It’s D-day. Nothing to do with Remembrance weekend and the war, but Diet Day 1; the first day of reckoning.
I started the day with virtuous intentions ; black coffee, fruit and a large wedge of determination on the side plate for breakfast. The mantra of the morning was ‘four fat-free weeks to freedom, four fat-free weeks to freedom’. Extra zeal was initiated on my morning run; so much so that on pushing myself that extra mile I had to stop at the graveyard for a moment of asphyxiation and felt as though I may end up staying there for good. Clearly, this was ‘first day frenzy’, the novelty of a new exciting challenge and one which I already knew would be wearing off by at least day 3. The ‘no pain , no gain’ philosophy appears so much more attractive when it’s being considered nonchalantly on the sofa of an evening beforehand.. good intentions and all that.
As I stumbled along the driveway back to the house feeling exhausted but most pious,my phone beeped with a diary reminder: ” Dinner Tonight With the Girls; Make Spinach and Ricotta Pies”.
Suddenly my morning of dieting glory turned into a flash of red panic. Firstly , this would inevitably mean lots of amazingly yummy food a la ‘Come Dine With Me’. My diet would be shot to pieces! And it was only day 1! Secondly, I had forgotten to buy the ingredients and would have to fit frantic food shopping into the rest of my crazy day’s diary- pretty sharpish too.
Whizzing into the sitting room to grab a pen, I scooped up the two children and threw them into the car. One was happily munching on a packet of Doritos and thereby occurred my first deadly sin of the day… stress induced snacking. Before I even KNEW what was happening , I’d already stolen a few chips from the bag and with lightening speed , they were demolished and in the tum. Oh dear me. So much for the self discipline already.
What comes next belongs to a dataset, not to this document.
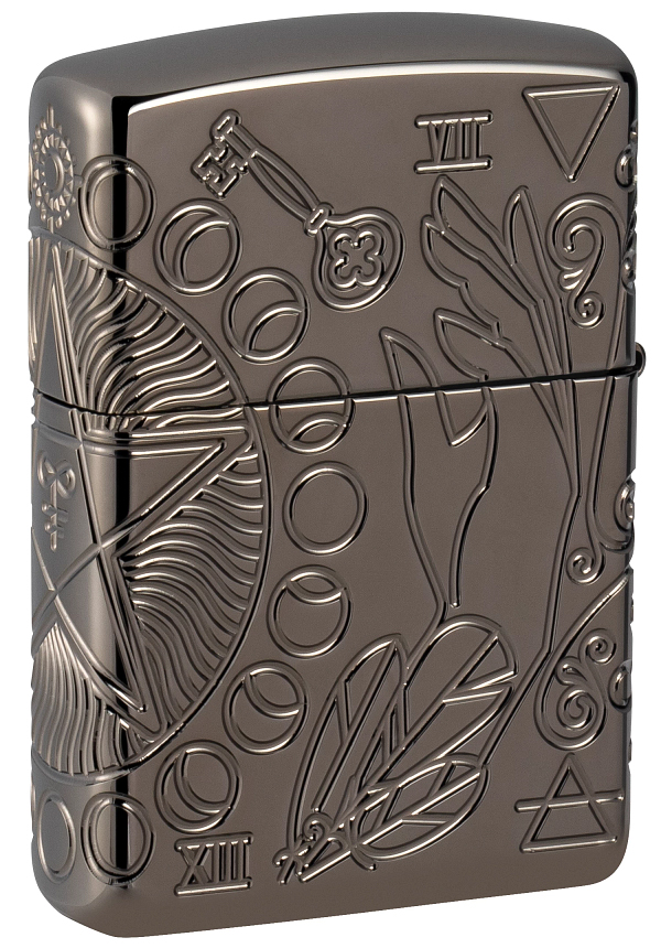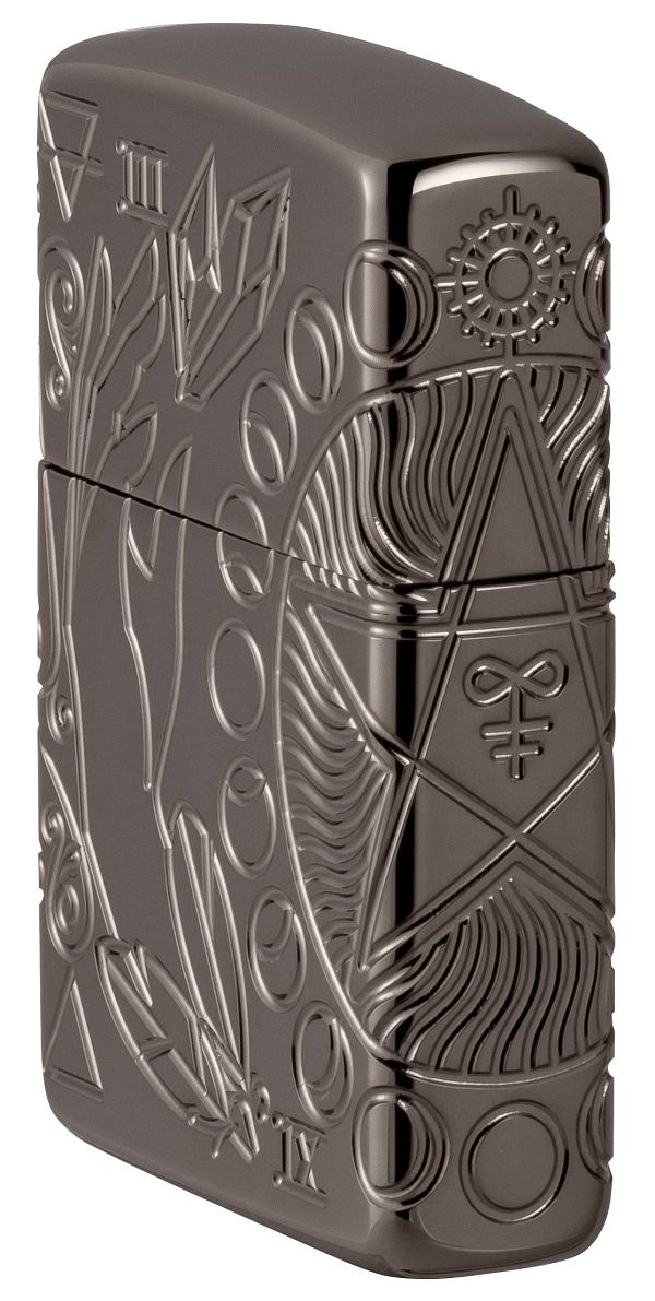 Зажигалка ZIPPO Armor® Wicca Design с покрытием Black Ice®, латунь/сталь, чёрная, 38x13x57 мм, 49689
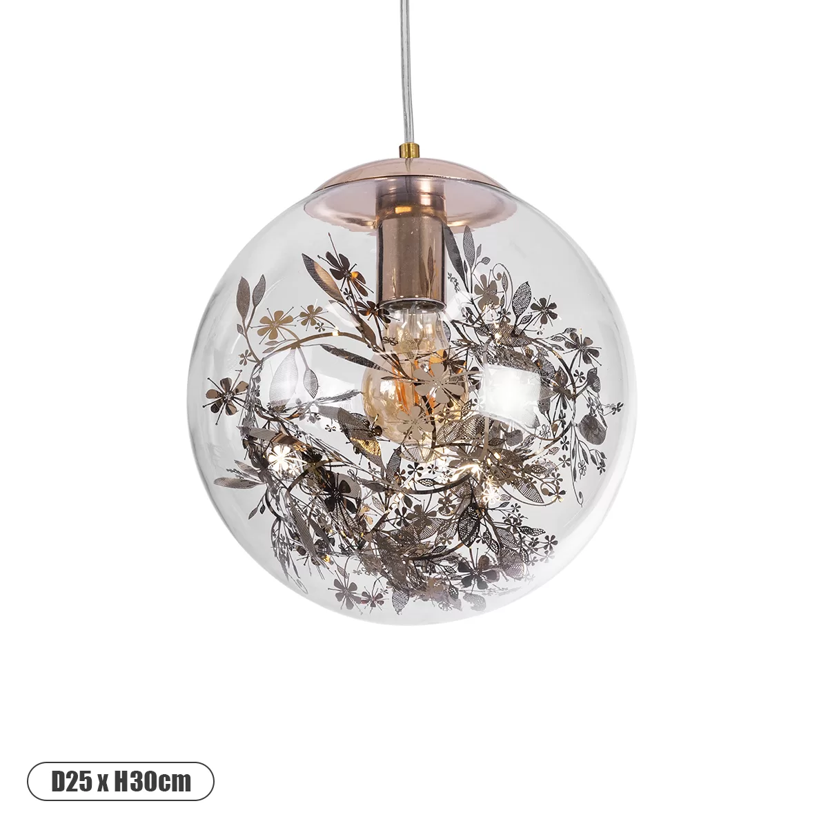 Η σχεδίασή του χαρακτηρίζεται από ένα διάφανο γυάλινο αμπαζούρ, το οποίο περιβάλλεται από μια κομψή χάλκινη (χρυσή) γιρλάντα. Αυτή η λεπτομέρεια προσδίδει μια ζεστή, πολυτελή νότα, μετατρέποντας το απλό φως σε ένα στοιχείο διακόσμησης. Το διάφανο γυαλί επιτρέπει στο φως να διαχέεται ομοιόμορφα και χωρίς εμπόδια, δημιουργώντας ένα ζεστό και καλωσόριστο περιβάλλον στο σαλόνι, την τραπεζαρία, το διάδρομο ή ακόμα και στο γραφείο σας.

On we continued, racing from the supermarket, to the swimming pool for the boys activity (why is it that swimming pool cafe’s always smell of fish fingers??), to soft play and finally back home for me to cook the starter for dinner that night. With all the speedy work to be done , I’d built up even more appetite by 5pm and could have eaten a manky horse between two mattresses once ensconced in my kitchen. Deadly diet sin number 2 was looming menacingly around the next corner. I prepared the starter ready to cook , but the combination of being hungry and locked in the kitchen working proved way too much for me. My temporarily steely resolve was shattered into a million pieces as I absent-mindedly munched on biscuits and cheese whilst pottering from mixing bowl to fridge, pie tin to oven. Without even realising, I had just eaten the equivalent of a cheese board starter and the diet for day one was obliterated already.
Accepting my fate, I decided to go with the flow for dinner and start my resolve again in the morning. Just as well really. The chocolate mousse pudding at ‘dinner evening’ was so evil and delicious in equal measures, no am0unt of running all weekend would have compensated for it’s sheer calorific density.
Oh well, c’est la vie.. lessons learnt from day 1; TRY HARDER TOMORROW (and gaffa-tape my hands together between meals!).